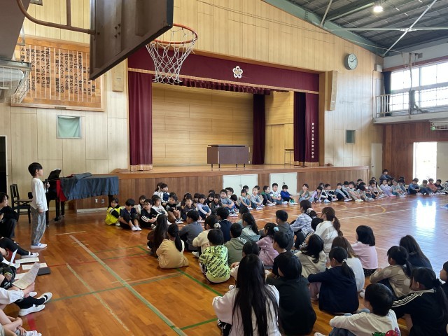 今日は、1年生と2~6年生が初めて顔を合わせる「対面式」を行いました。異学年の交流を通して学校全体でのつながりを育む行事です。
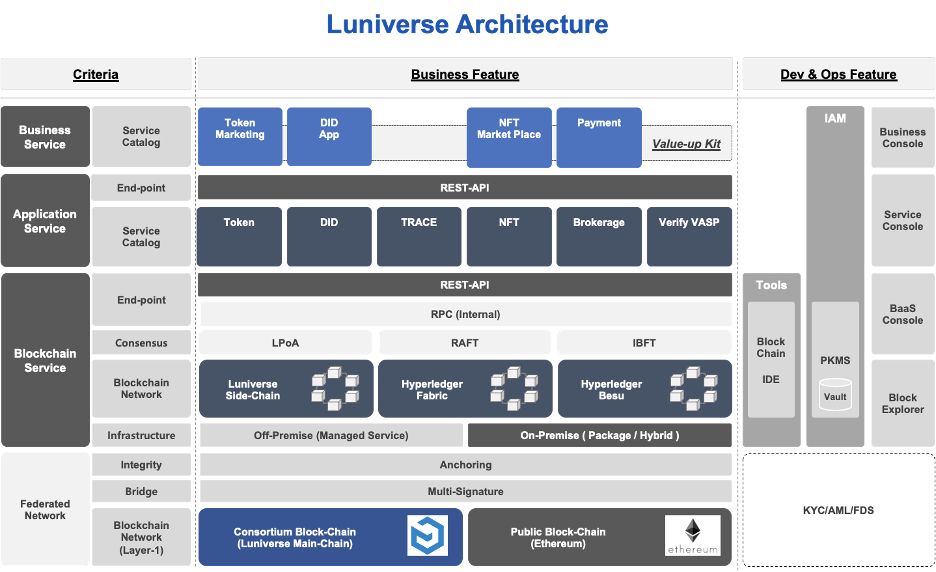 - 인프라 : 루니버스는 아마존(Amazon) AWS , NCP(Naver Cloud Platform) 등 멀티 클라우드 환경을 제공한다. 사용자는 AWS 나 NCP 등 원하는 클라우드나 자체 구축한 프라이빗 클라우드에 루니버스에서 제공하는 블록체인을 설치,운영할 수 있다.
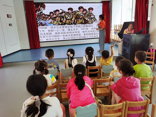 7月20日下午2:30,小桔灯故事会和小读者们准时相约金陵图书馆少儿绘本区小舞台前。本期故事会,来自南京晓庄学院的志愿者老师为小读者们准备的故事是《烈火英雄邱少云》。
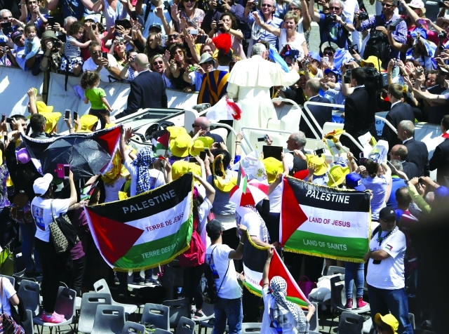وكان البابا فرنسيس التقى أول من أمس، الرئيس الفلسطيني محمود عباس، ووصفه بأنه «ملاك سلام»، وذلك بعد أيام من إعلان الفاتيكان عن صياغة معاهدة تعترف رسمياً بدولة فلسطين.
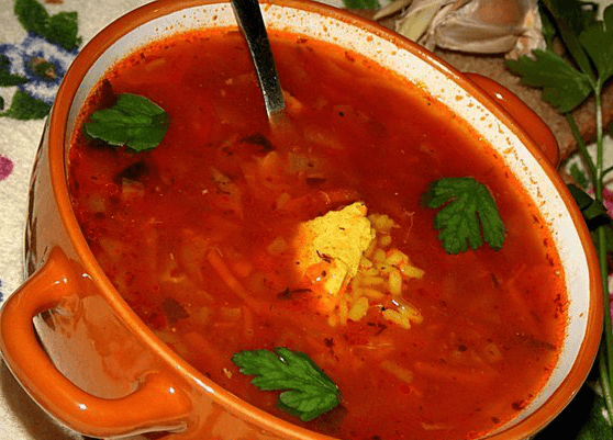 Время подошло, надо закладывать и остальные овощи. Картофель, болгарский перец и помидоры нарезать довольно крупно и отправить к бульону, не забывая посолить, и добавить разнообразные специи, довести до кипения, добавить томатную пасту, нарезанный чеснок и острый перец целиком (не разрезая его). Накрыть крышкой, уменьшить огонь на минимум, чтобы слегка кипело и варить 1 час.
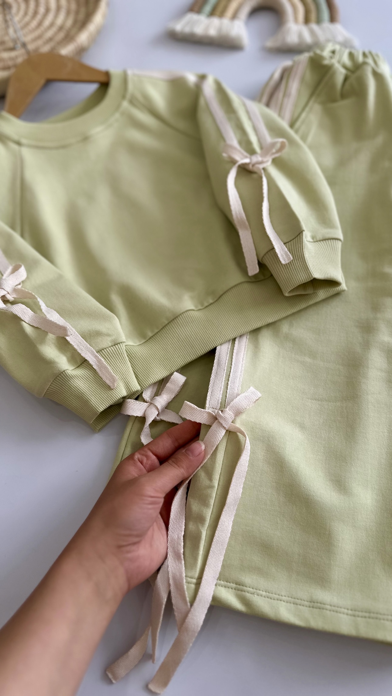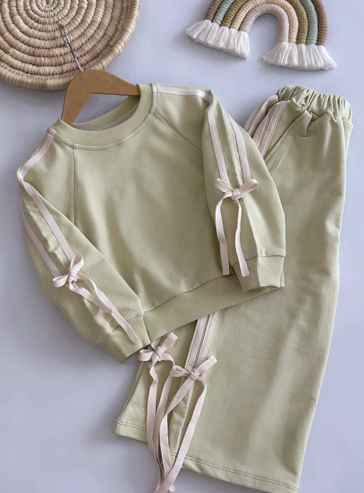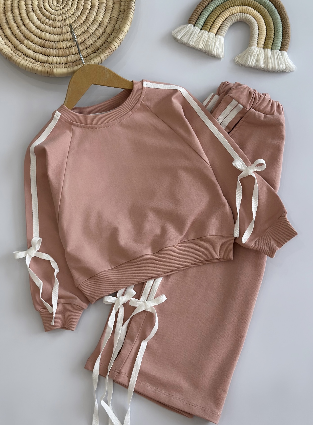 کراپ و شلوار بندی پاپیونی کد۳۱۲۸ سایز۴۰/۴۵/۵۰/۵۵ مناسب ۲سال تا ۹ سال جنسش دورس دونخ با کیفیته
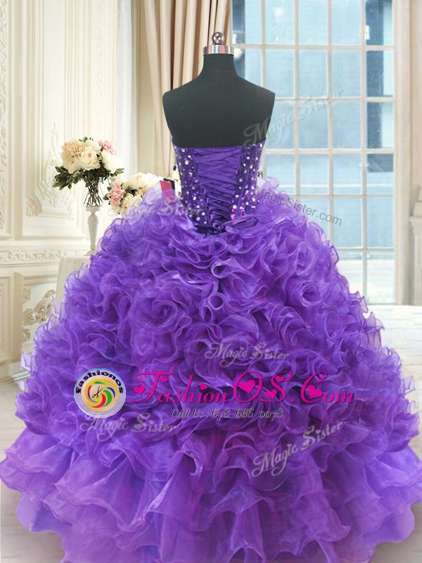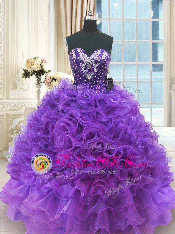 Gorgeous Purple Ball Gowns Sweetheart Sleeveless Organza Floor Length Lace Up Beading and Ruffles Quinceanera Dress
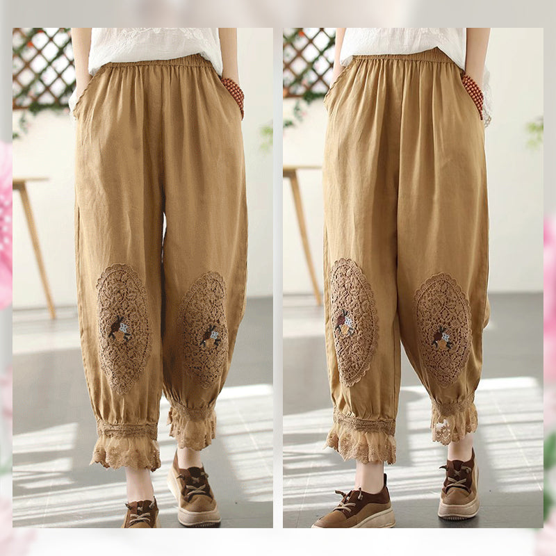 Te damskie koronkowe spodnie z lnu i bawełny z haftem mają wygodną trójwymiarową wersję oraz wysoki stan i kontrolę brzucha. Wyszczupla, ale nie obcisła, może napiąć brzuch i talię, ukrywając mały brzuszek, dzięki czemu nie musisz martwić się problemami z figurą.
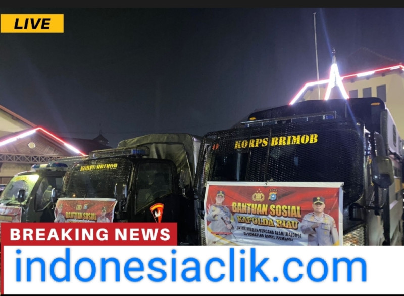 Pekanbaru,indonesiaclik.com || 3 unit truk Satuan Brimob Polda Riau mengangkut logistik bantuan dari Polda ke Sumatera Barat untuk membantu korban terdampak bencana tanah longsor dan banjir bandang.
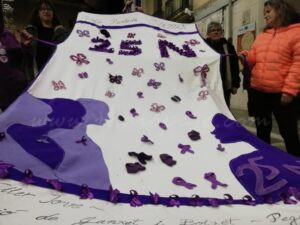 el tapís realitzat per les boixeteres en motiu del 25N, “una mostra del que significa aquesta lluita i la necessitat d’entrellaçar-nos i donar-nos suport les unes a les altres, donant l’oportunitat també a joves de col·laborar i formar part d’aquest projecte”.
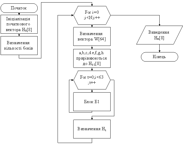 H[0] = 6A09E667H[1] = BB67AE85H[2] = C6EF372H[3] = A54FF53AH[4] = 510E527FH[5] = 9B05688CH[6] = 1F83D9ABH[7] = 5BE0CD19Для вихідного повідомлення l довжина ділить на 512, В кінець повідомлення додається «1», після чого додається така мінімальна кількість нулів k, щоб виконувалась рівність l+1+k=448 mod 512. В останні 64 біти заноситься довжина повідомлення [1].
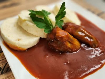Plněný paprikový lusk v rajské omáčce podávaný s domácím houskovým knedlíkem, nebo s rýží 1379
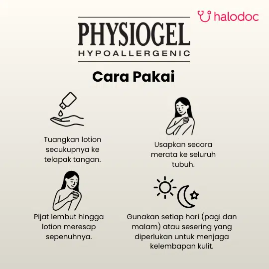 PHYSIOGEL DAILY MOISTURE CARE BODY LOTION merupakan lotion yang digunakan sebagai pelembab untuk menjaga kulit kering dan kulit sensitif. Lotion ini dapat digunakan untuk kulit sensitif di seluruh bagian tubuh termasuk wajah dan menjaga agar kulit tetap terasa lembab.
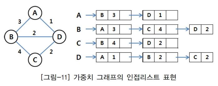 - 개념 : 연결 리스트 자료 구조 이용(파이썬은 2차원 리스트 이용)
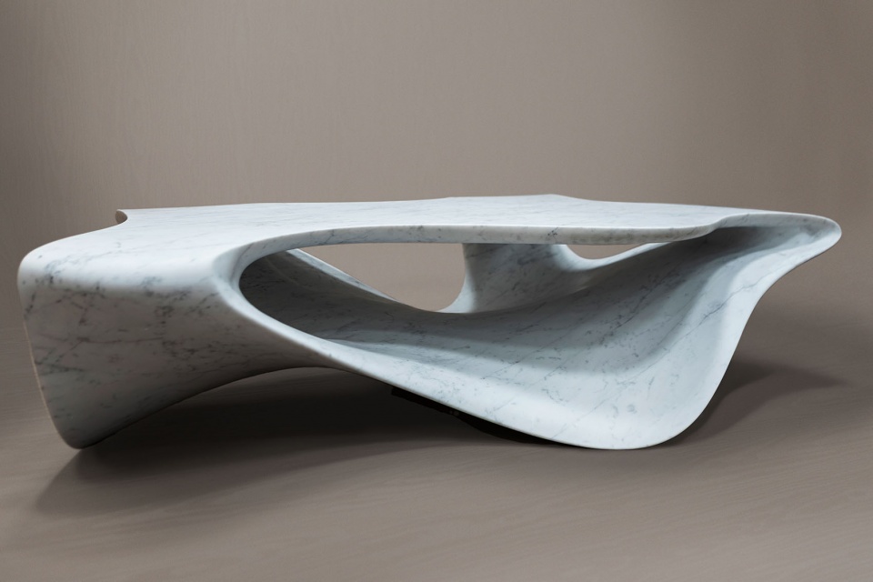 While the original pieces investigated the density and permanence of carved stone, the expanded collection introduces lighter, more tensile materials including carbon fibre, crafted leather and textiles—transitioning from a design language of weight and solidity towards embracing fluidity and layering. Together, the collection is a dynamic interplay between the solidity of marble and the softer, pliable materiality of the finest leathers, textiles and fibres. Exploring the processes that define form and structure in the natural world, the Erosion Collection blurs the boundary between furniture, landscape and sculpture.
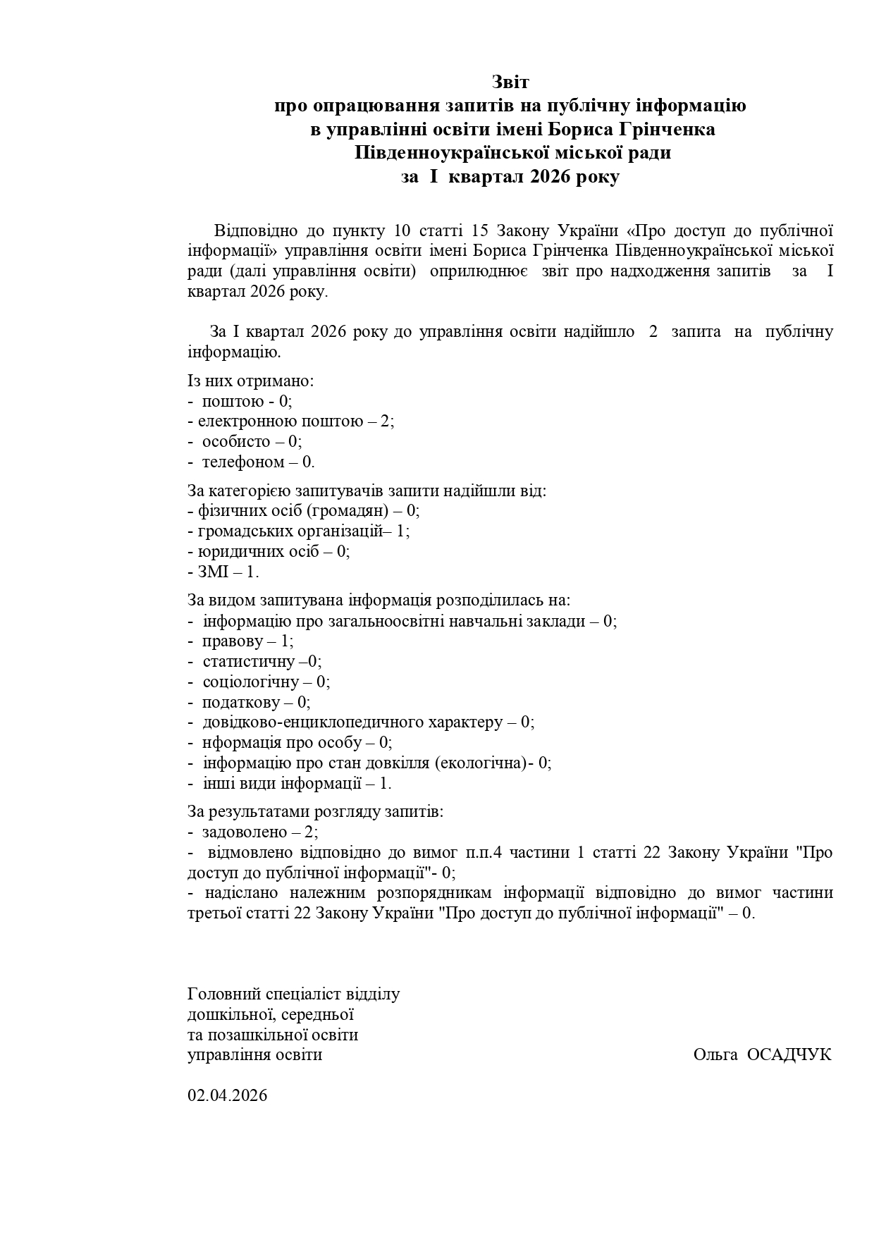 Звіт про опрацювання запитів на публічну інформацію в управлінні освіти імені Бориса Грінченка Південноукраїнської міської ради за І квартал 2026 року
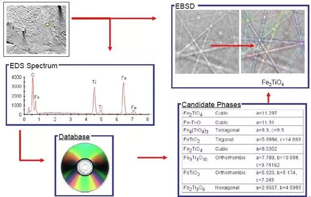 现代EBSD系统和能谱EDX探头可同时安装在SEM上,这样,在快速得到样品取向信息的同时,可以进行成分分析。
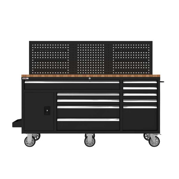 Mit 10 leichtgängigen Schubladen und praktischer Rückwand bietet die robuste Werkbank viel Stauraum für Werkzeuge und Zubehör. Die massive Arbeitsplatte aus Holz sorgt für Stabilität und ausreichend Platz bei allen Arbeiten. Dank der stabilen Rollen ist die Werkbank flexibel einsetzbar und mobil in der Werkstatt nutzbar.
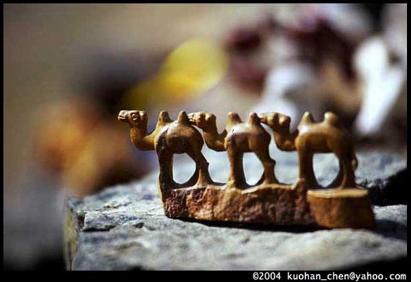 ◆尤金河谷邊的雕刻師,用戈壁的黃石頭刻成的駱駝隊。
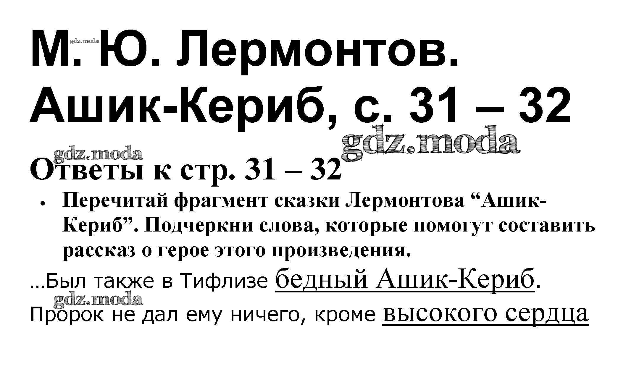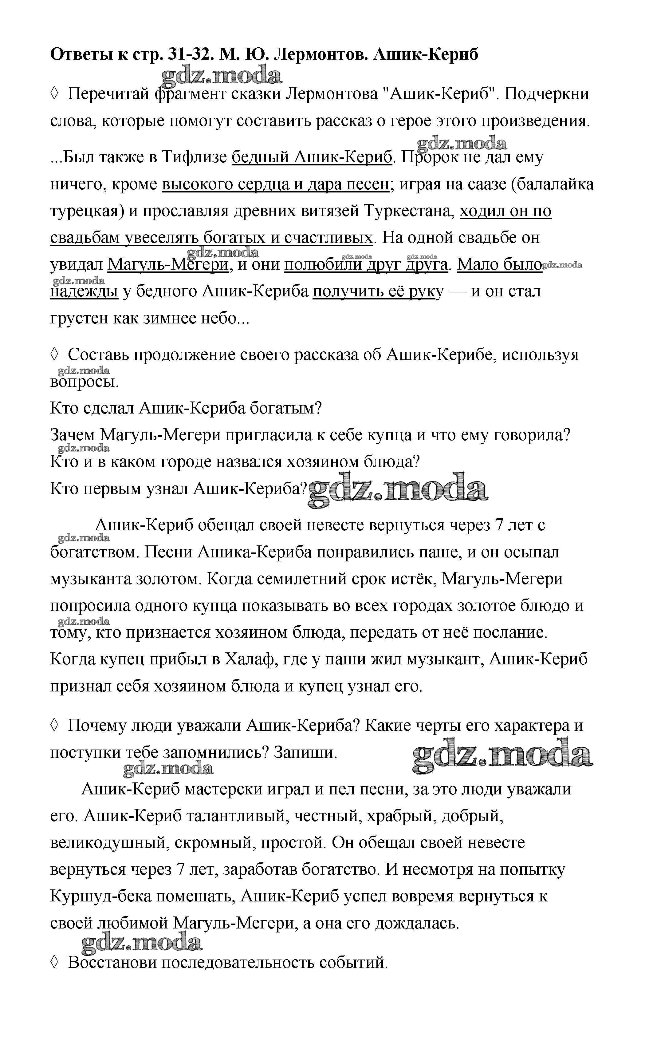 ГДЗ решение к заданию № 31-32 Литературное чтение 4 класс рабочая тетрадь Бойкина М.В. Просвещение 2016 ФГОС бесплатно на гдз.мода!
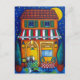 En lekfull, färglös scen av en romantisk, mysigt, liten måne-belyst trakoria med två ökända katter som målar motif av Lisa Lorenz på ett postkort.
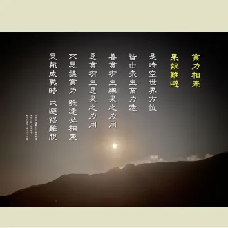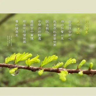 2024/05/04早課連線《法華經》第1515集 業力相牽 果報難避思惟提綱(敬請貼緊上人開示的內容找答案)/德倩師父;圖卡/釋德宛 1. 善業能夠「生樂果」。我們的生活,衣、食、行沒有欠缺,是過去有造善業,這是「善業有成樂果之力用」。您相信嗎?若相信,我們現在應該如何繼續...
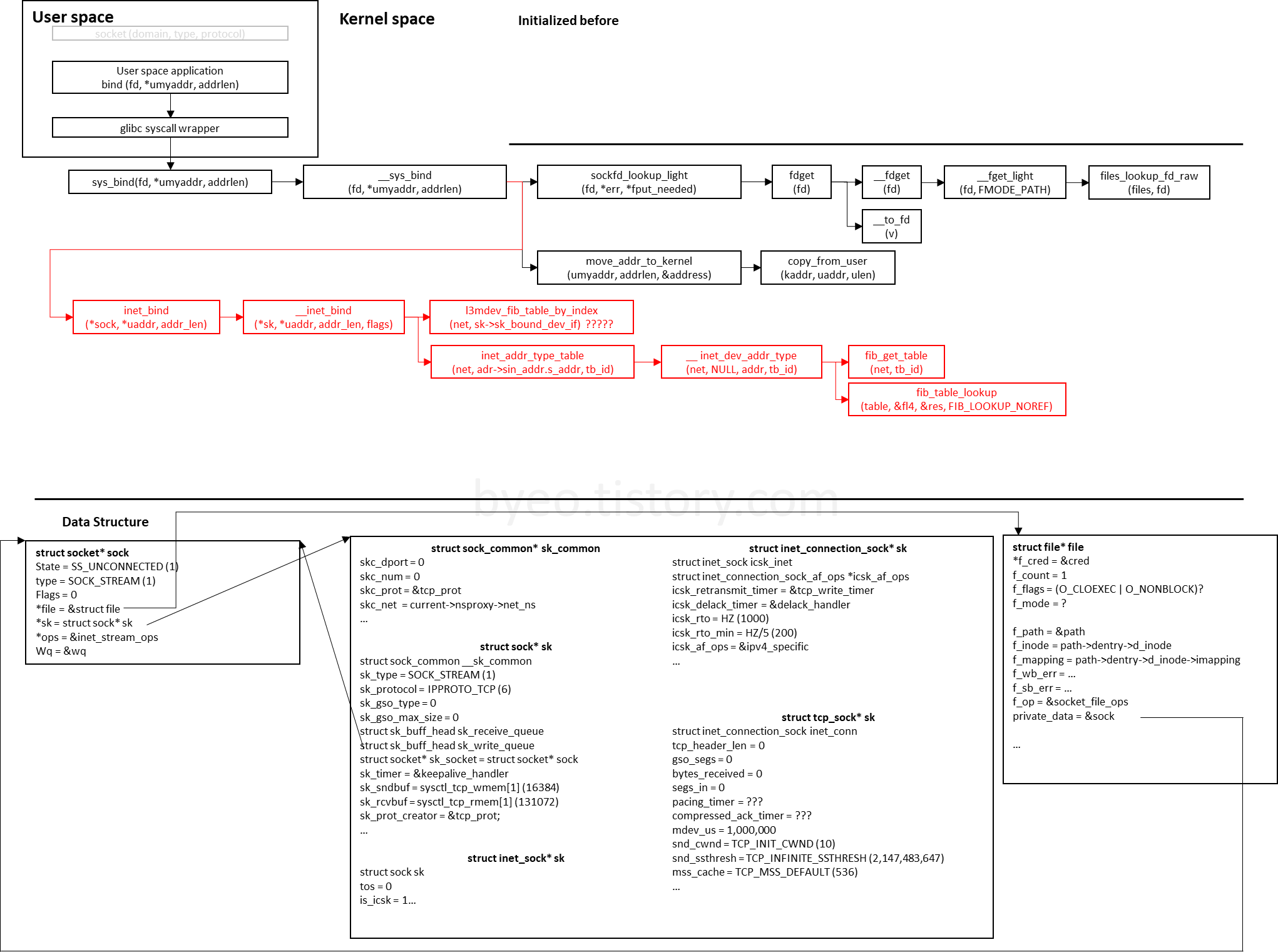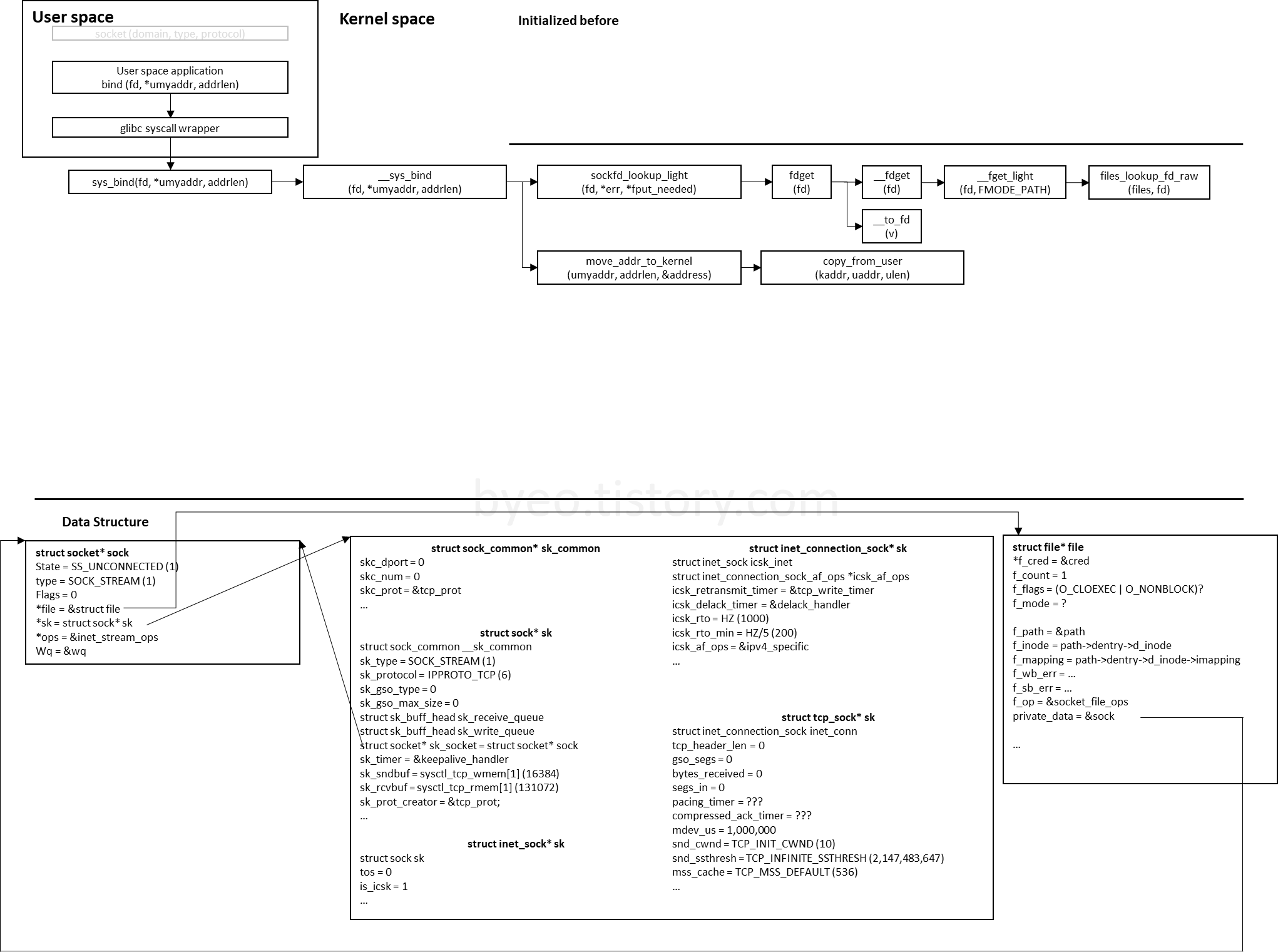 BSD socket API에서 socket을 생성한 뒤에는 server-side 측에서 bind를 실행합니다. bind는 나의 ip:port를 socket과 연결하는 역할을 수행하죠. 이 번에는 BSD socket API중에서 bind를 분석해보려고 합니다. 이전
:::
Exactly as written, please give again the lines from the beginning of the listing through the line containing "Pekanbaru,indonesiaclik.com || 3", inclusive, without any pictures.

● Solved exercise
 今日は、1年生と2~6年生が初めて顔を合わせる「対面式」を行いました。異学年の交流を通して学校全体でのつながりを育む行事です。
 - 인프라 : 루니버스는 아마존(Amazon) AWS , NCP(Naver Cloud Platform) 등 멀티 클라우드 환경을 제공한다. 사용자는 AWS 나 NCP 등 원하는 클라우드나 자체 구축한 프라이빗 클라우드에 루니버스에서 제공하는 블록체인을 설치,운영할 수 있다.
 7月20日下午2:30,小桔灯故事会和小读者们准时相约金陵图书馆少儿绘本区小舞台前。本期故事会,来自南京晓庄学院的志愿者老师为小读者们准备的故事是《烈火英雄邱少云》。
وكان البابا فرنسيس التقى أول من أمس، الرئيس الفلسطيني محمود عباس، ووصفه بأنه «ملاك سلام»، وذلك بعد أيام من إعلان الفاتيكان عن صياغة معاهدة تعترف رسمياً بدولة فلسطين.
 Время подошло, надо закладывать и остальные овощи. Картофель, болгарский перец и помидоры нарезать довольно крупно и отправить к бульону, не забывая посолить, и добавить разнообразные специи, довести до кипения, добавить томатную пасту, нарезанный чеснок и острый перец целиком (не разрезая его). Накрыть крышкой, уменьшить огонь на минимум, чтобы слегка кипело и варить 1 час.
 کراپ و شلوار بندی پاپیونی کد۳۱۲۸ سایز۴۰/۴۵/۵۰/۵۵ مناسب ۲سال تا ۹ سال جنسش دورس دونخ با کیفیته
 Gorgeous Purple Ball Gowns Sweetheart Sleeveless Organza Floor Length Lace Up Beading and Ruffles Quinceanera Dress
 Te damskie koronkowe spodnie z lnu i bawełny z haftem mają wygodną trójwymiarową wersję oraz wysoki stan i kontrolę brzucha. Wyszczupla, ale nie obcisła, może napiąć brzuch i talię, ukrywając mały brzuszek, dzięki czemu nie musisz martwić się problemami z figurą.
 Pekanbaru,indonesiaclik.com || 3 unit truk Satuan Brimob Polda Riau mengangkut logistik bantuan dari Polda ke Sumatera Barat untuk membantu korban terdampak bencana tanah longsor dan banjir bandang.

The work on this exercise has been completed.